* [Your objective] Output the data below exactly as it is, dropping the pictures from your copy.

* [Data block]
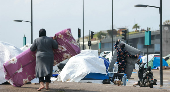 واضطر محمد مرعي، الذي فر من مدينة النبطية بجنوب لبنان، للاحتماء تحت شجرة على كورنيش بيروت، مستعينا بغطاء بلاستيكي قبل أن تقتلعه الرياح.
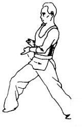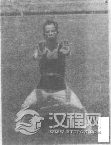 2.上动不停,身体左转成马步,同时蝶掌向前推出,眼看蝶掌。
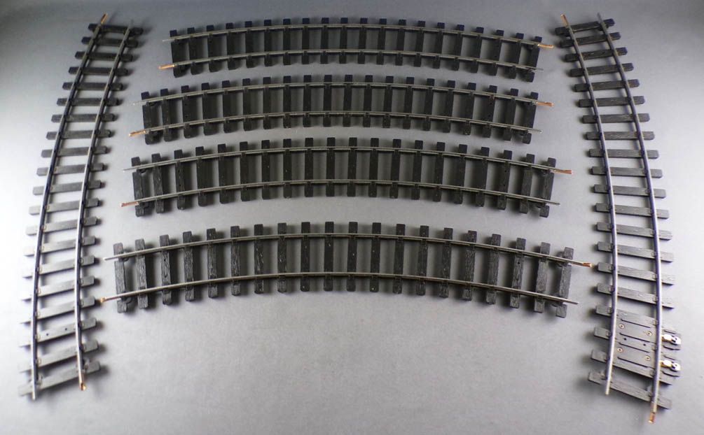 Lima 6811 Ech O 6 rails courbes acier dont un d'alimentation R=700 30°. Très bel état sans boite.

* [Reply to the task]
 واضطر محمد مرعي، الذي فر من مدينة النبطية بجنوب لبنان، للاحتماء تحت شجرة على كورنيش بيروت، مستعينا بغطاء بلاستيكي قبل أن تقتلعه الرياح.
 2.上动不停,身体左转成马步,同时蝶掌向前推出,眼看蝶掌。
 Lima 6811 Ech O 6 rails courbes acier dont un d'alimentation R=700 30°. Très bel état sans boite.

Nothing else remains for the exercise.